Liberal Methodists: 'We cannot affiliate' with biblical adherents

Thursday, June 6, 2019
 | 
Steve Jordahl (OneNewsNow.com)

Methodist pro-LGBT pushBucking their own rhetoric calling for "unity," some United Methodist churches are vowing to resist the denomination's efforts to keep to a biblical view of sexuality.

The United Methodist Church is anything but "united" these days on that hot-button issue. There's a storm brewing over a decision made in February at the national level that the denomination adopt the "Traditional Plan" on sexuality. Those who favored that plan chose not to bow to pressure from liberal leaders and congregations anxious to embrace the "One Church Plan" touted by pro-LGBT forces within the denomination.

But a liberal caucus in the UMC that calls itself "Mainstream UMC" has made it clear that it "cannot affiliate with those who espouse the mean-spirited views … that are embodied in the Traditional Plan." In fact, last weekend the UMC's Great Plains Conference met in Topeka and pushed back, saying it was going to "reject the Traditional Plan … as inconsistent with the gospel of Jesus Christ and will resist its implementation."

John Lomperis of The Institute on Religion & Democracy says the Great Plains Conference is only one of many taking such a stand – and he predicts the denomination is likely to have a strong response.

Lomperis

"If the bishop and other officials … don't follow the church law, then they themselves can be brought up on charges," he informs OneNewsNow.

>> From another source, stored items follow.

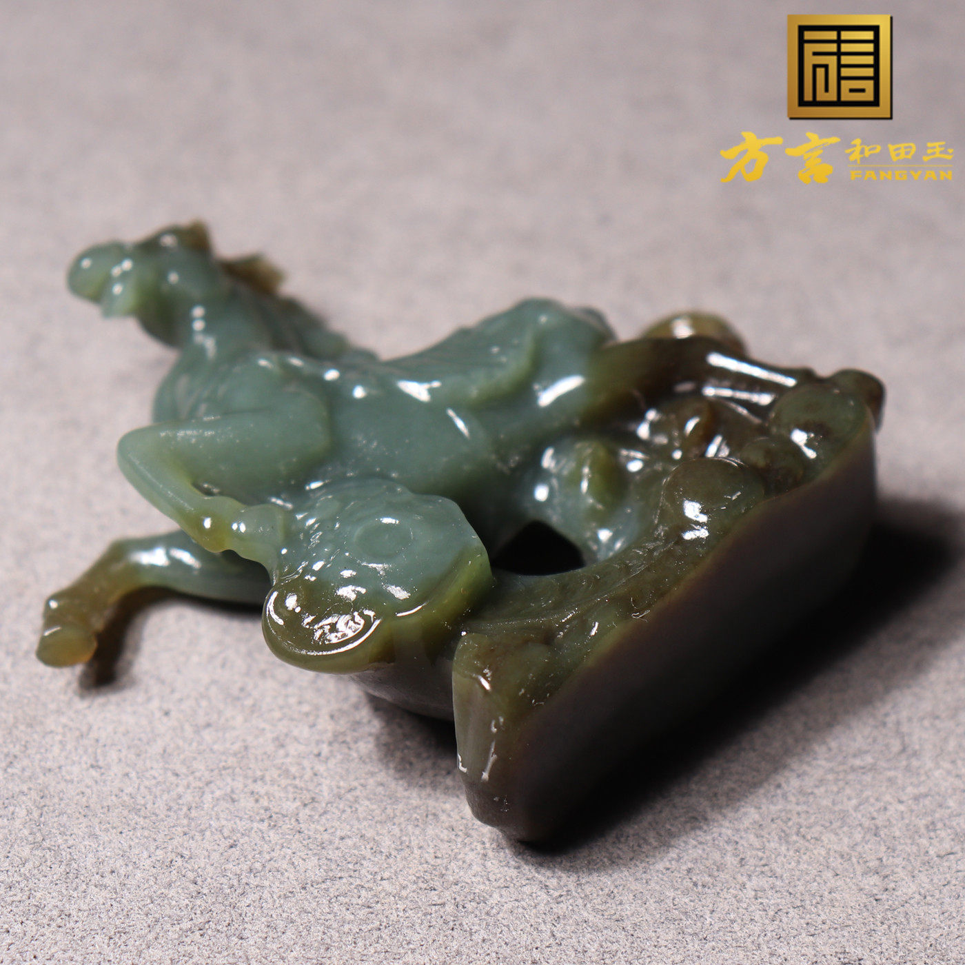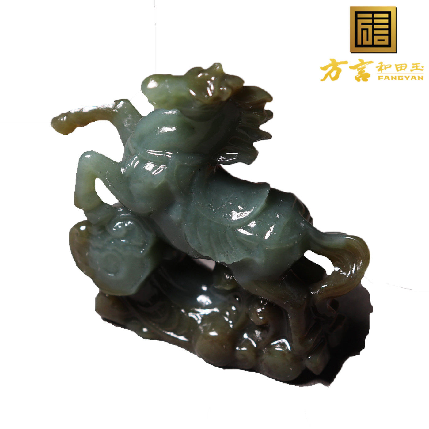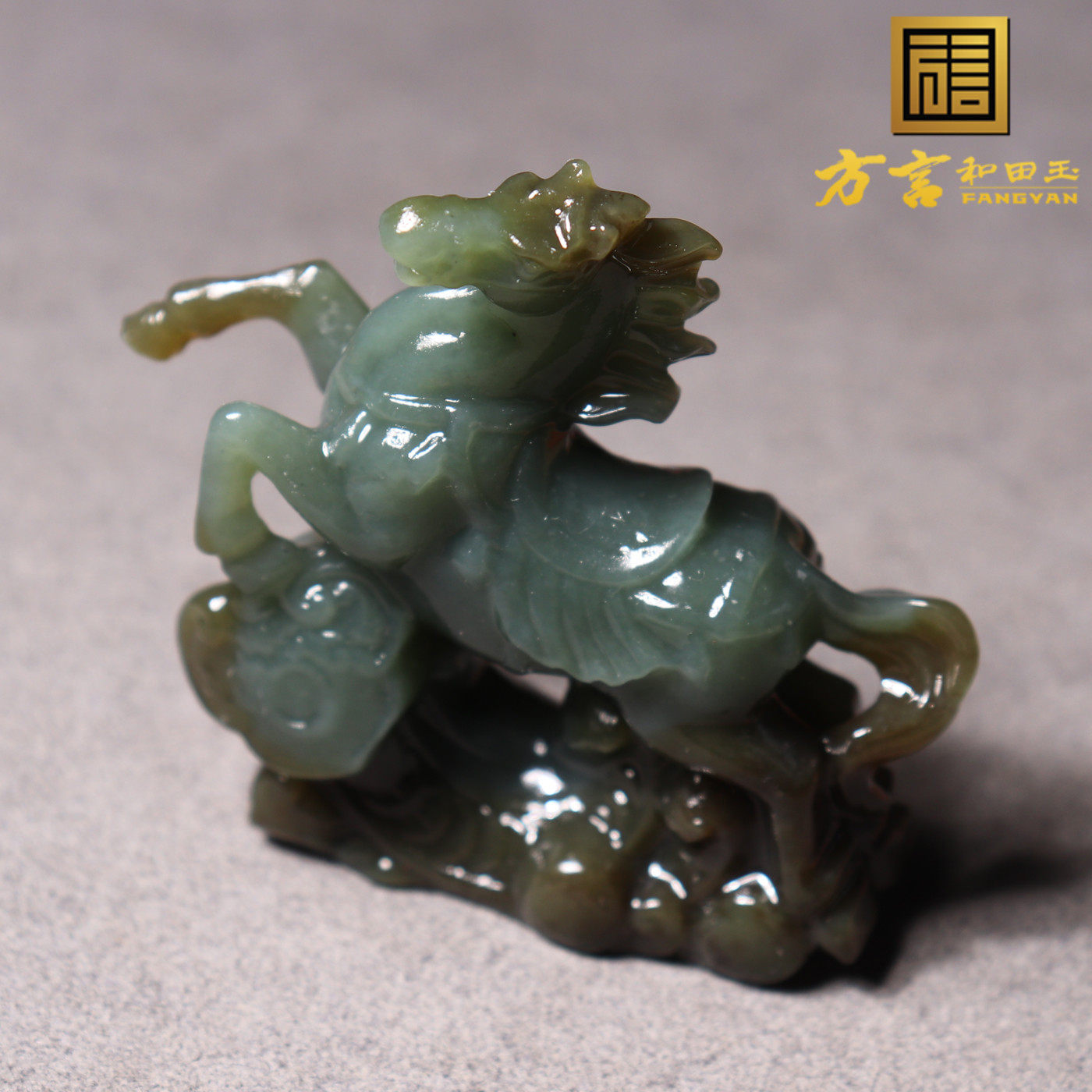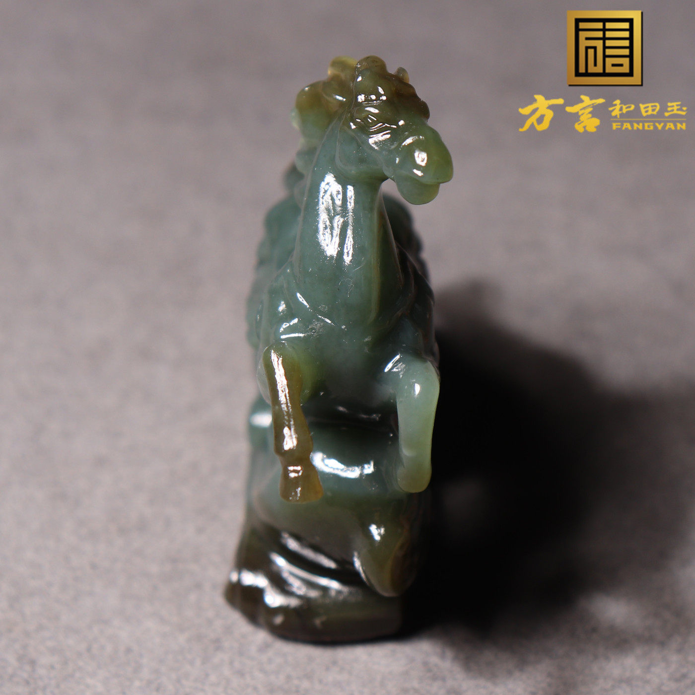 方言和田玉新疆且末料油润细腻蓝色基调带糖马到成功摆件手把件O2
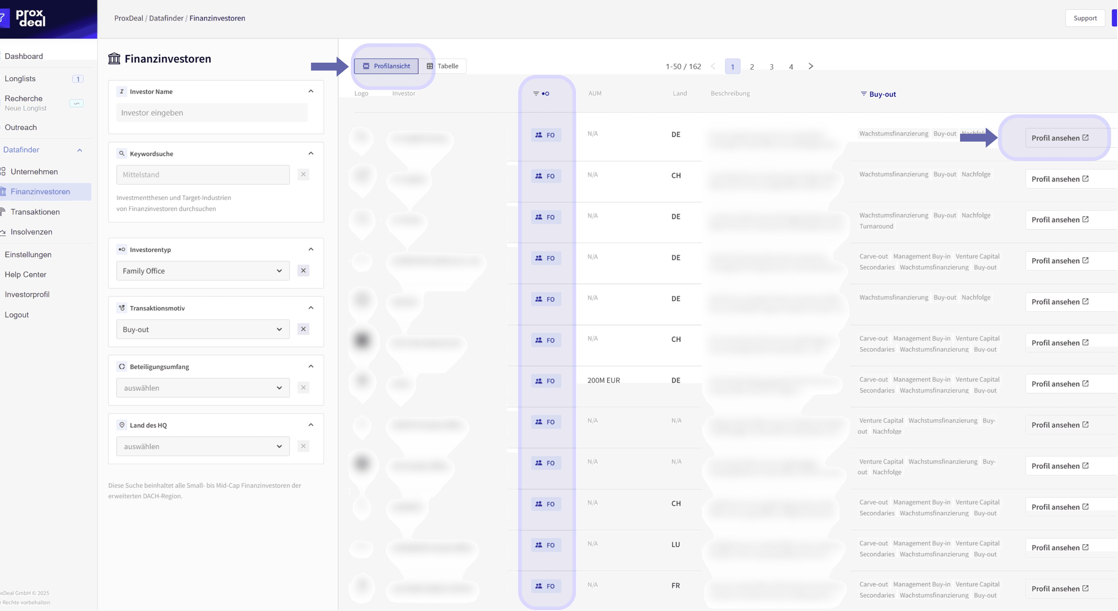 In der Profilansicht werden Investoren als Ergebnisliste ausgegeben, inklusive Typ (z. B. PE/FO), Land, kurzer Beschreibung sowie Transaktionsmotiven als Tags. Mit einem Klick auf „Profil ansehen“ öffnet sich die Detailansicht des jeweiligen Investors.
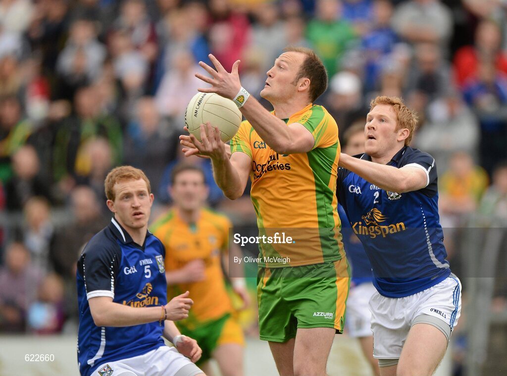 20 May 2012; Colm McFadden, Donegal, in action against Padraic O'Reilly, Cavan. Ulster GAA Football Senior Championship Preliminary Round, Cavan v Donegal, Kingspan Breffni Park, Cavan. Picture credit: Oliver McVeigh / SPORTSFILE
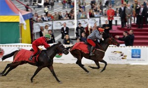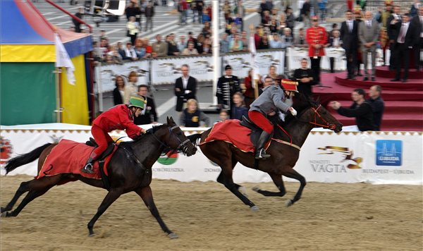 A győztes Németh János (j), Baja lovasa a célban My Boy Mennydörgés nevű lován a hatodik Nemzeti Vágta döntőjében a budapesti Hősök terén. Fotó: MTI
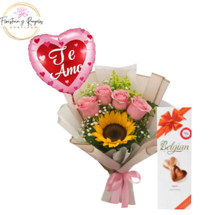RAMO AMOR DE 3 ROSAS, 1 BOMBON Y GLOBITO
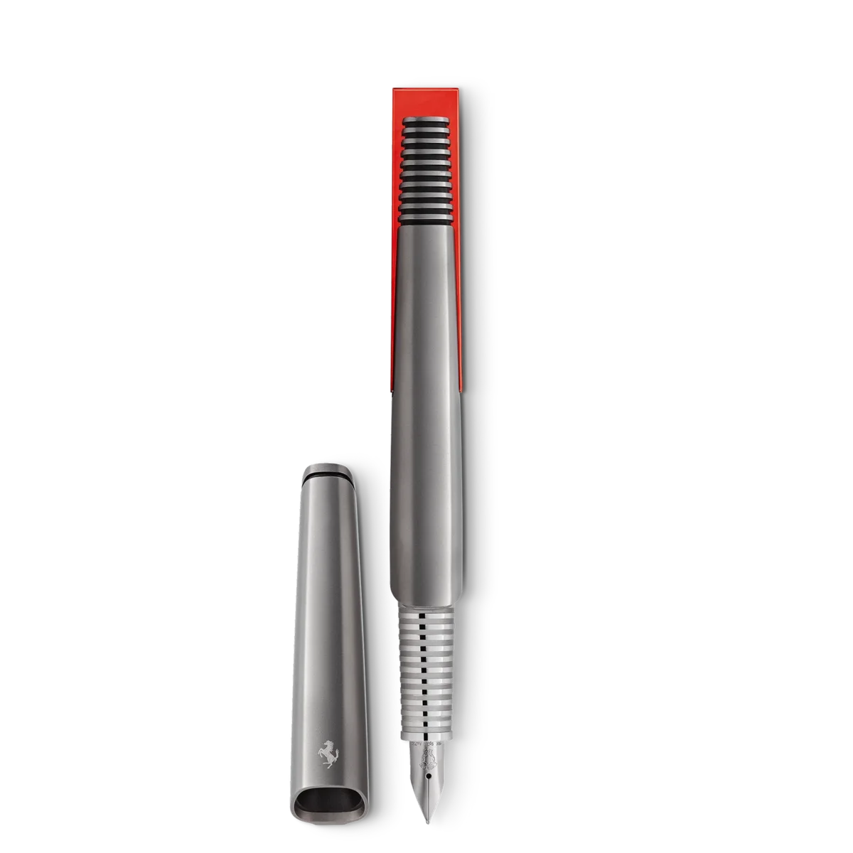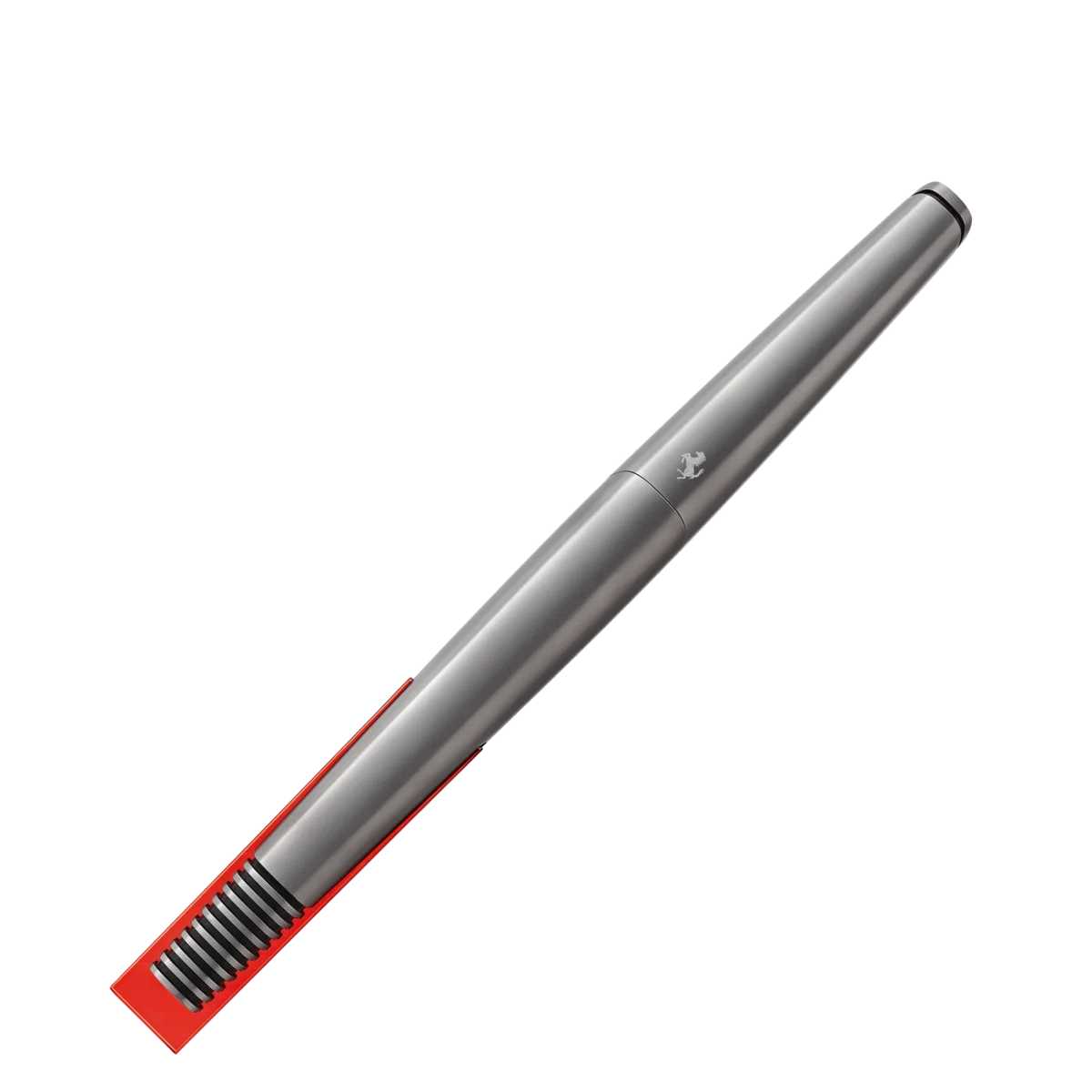 Il team corse della Ferrari conquistò una straordinaria tripletta nella 24 Ore di Daytona del 1967. Questo momento spettacolare viene celebrato nel nuovo modello Daytona SP3, parte della gamma Icona della Ferrari che rende omaggio alla profonda tradizione agonistica dell’azienda. Catturando l’essenza dello spirito della SP3, la Maison ha collaborato con il Centro Stile Ferrari e il Chief Design Officer Flavio Manzoni alla realizzazione della Stilema SP3, una straordinaria estensione del design innovativo. La Montblanc Ferrari Stilema SP3 esprime la forma fluida dell’auto attraverso l’uso di un unico materiale per il cappuccio e il fusto: il titanio leggero, raramente utilizzato negli strumenti di scrittura Montblanc. L’angolo della parte superiore del cappuccio imita il modo in cui il muso della Ferrari Daytona SP3 fende l’aria, mentre gli accenti lineari sulla parte anteriore e sul fusto derivano dalle lame dei paraurti dell’auto, dove le linee creano un gioco visivo di luci e ombre con barre che sembrano scomparire. Incarnando le linee leggere della Ferrari Daytona SP3, questo meccanismo di riempimento dell’inchiostro è stato nascosto sotto una lama rossa semitrasparente che fende il fusto in titanio. Realizzato in oro bianco massiccio per questa edizione, il meccanismo può essere rivelato solo tirando indietro la lama. Una volta che il serbatoio è pieno d’inchiostro e la lama è bloccata in posizione, la Montblanc Ferrari Stilema SP3 è pronta per la linea di partenza e pronta per scrivere. Il pennino in oro bianco massiccio Au750 presenta una speciale incisione “SP3” e l’iconico cavallino rampante Ferrari è inciso al laser sul cappuccio. L’emblema Montblanc che tradizionalmente si trova sulla parte superiore del cappuccio è anch’esso realizzato in oro bianco massiccio Au750. Lo strumento di scrittura è accompagnato da un astuccio appositamente progettato, realizzato in morbida pelle Meisterstück e fodera in Alcantara, con cuciture in contrasto rosso brillante.

There are roughly seven million United Methodists in the U.S. and another five million in other countries. It's the second largest U.S. denomination after the Southern Baptist Convention. While a majority of United Methodists are conservative, Lomperis warns that the liberal, pro-homosexual faction isn't going away quietly.

"Most people across the spectrum are coming to a realization that this level of disunity and infighting is really not sustainable," he says – adding that a "divorce" is coming, and with it a battle over church property, naming rights and, of course, the seven million members.

"In any divorce, there's the question of who gets to keep the kids," he concludes, noting sadly that in every divorce it's the kids who get hurt most.